* _Given records_
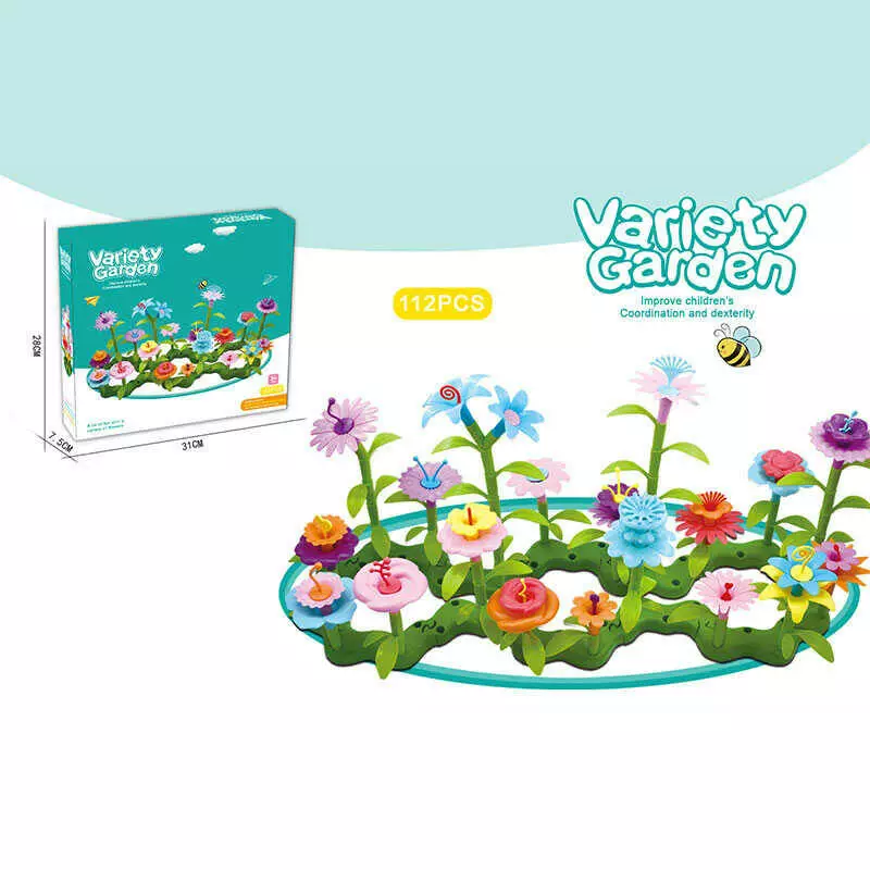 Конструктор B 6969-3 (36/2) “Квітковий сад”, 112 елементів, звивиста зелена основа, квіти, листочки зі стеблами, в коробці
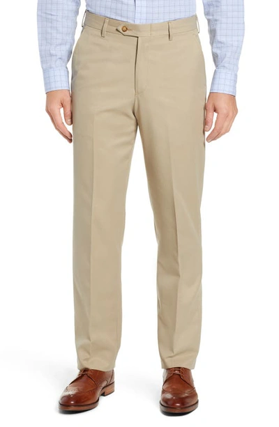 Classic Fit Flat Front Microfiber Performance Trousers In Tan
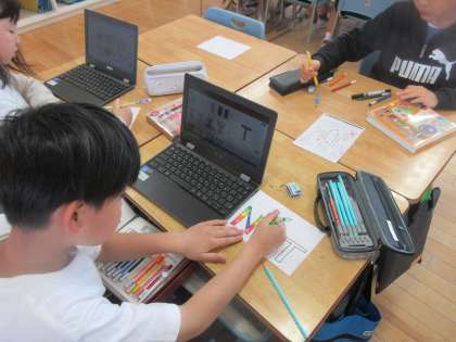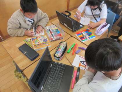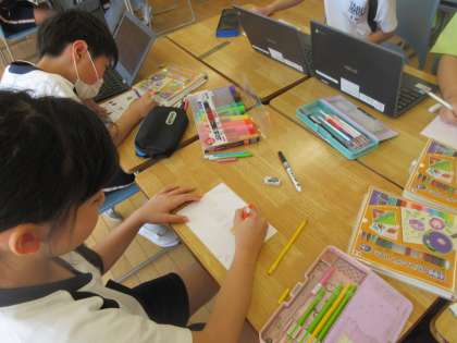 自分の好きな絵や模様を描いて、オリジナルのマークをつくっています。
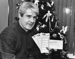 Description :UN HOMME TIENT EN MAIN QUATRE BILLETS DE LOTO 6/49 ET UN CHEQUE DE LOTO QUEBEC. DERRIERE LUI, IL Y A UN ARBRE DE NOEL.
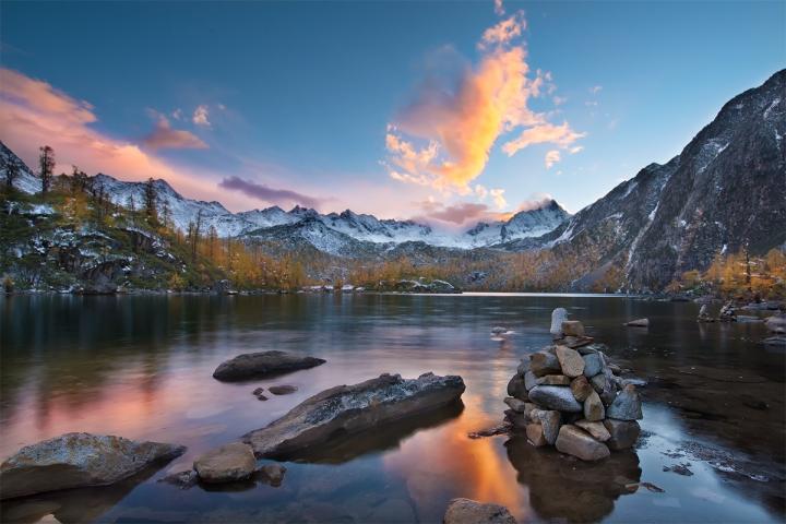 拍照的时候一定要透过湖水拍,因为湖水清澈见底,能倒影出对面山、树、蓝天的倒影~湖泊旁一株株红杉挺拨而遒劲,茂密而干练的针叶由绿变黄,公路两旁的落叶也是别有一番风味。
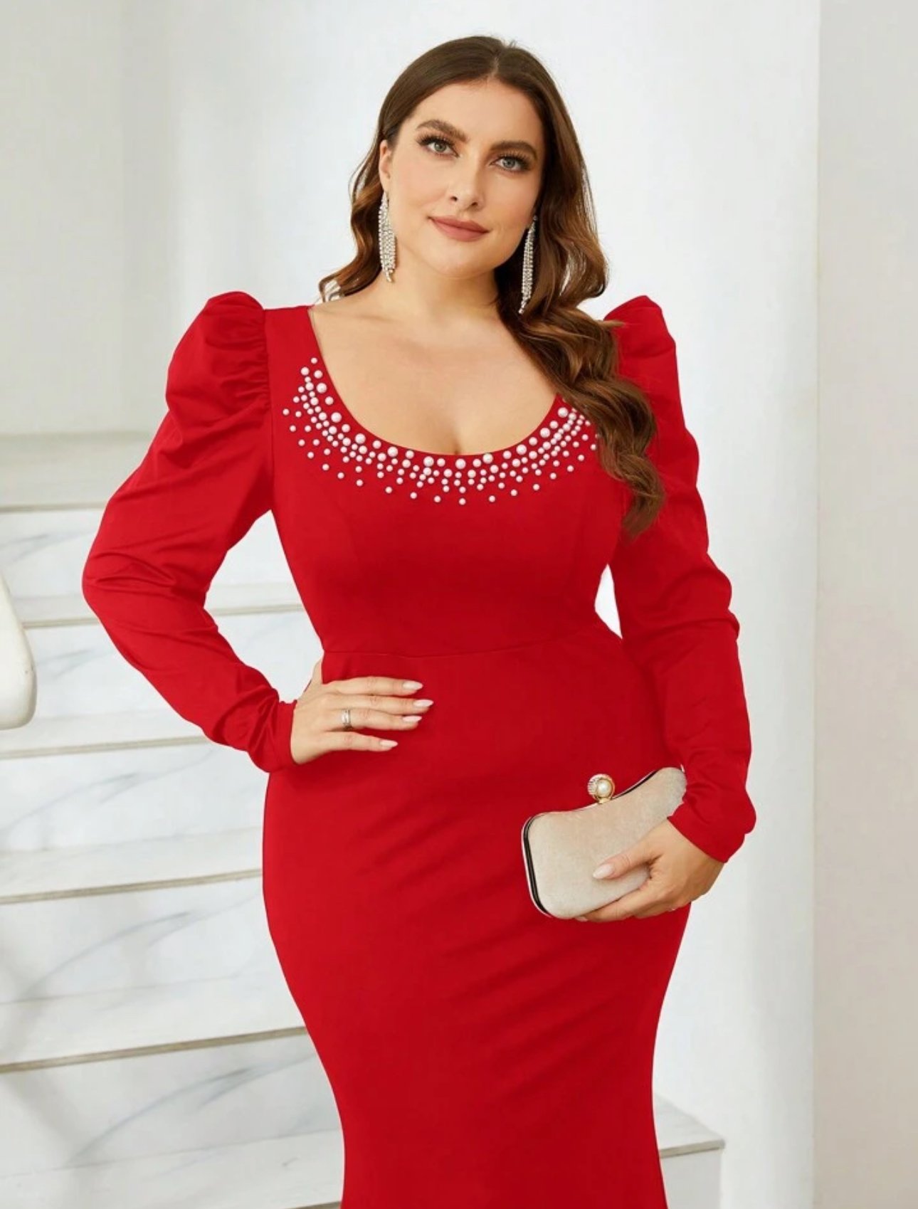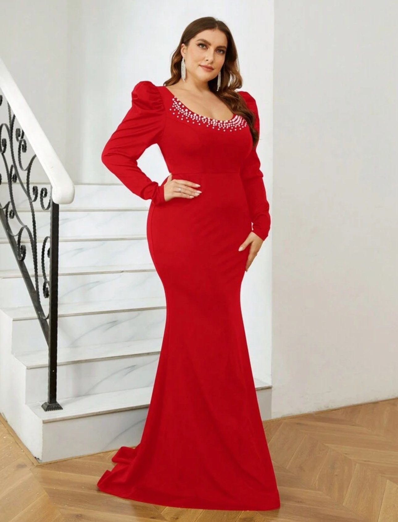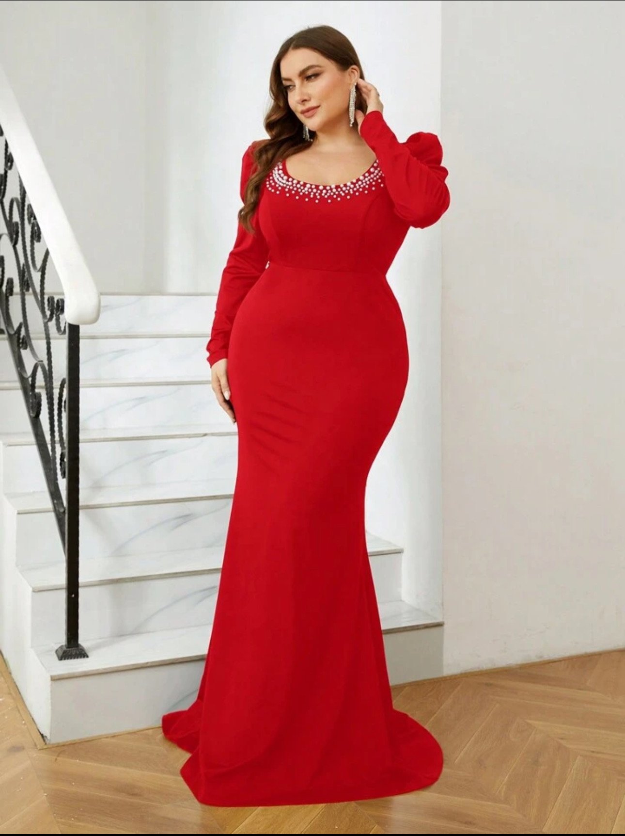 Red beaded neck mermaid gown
==
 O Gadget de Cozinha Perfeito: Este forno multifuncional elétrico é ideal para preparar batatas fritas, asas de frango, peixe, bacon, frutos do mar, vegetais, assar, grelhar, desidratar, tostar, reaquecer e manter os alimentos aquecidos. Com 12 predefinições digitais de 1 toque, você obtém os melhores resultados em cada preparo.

* _What you will do_
Only the lines above from the one with "Конструктор B 6969-3" to the one with "Red beaded neck mermaid gown" should be printed, both included and exactly as written; no picture belongs in the copy.

* _Expected output_
 Конструктор B 6969-3 (36/2) “Квітковий сад”, 112 елементів, звивиста зелена основа, квіти, листочки зі стеблами, в коробці
 Classic Fit Flat Front Microfiber Performance Trousers In Tan
 自分の好きな絵や模様を描いて、オリジナルのマークをつくっています。
 Description :UN HOMME TIENT EN MAIN QUATRE BILLETS DE LOTO 6/49 ET UN CHEQUE DE LOTO QUEBEC. DERRIERE LUI, IL Y A UN ARBRE DE NOEL.
 拍照的时候一定要透过湖水拍,因为湖水清澈见底,能倒影出对面山、树、蓝天的倒影~湖泊旁一株株红杉挺拨而遒劲,茂密而干练的针叶由绿变黄,公路两旁的落叶也是别有一番风味。
 Red beaded neck mermaid gown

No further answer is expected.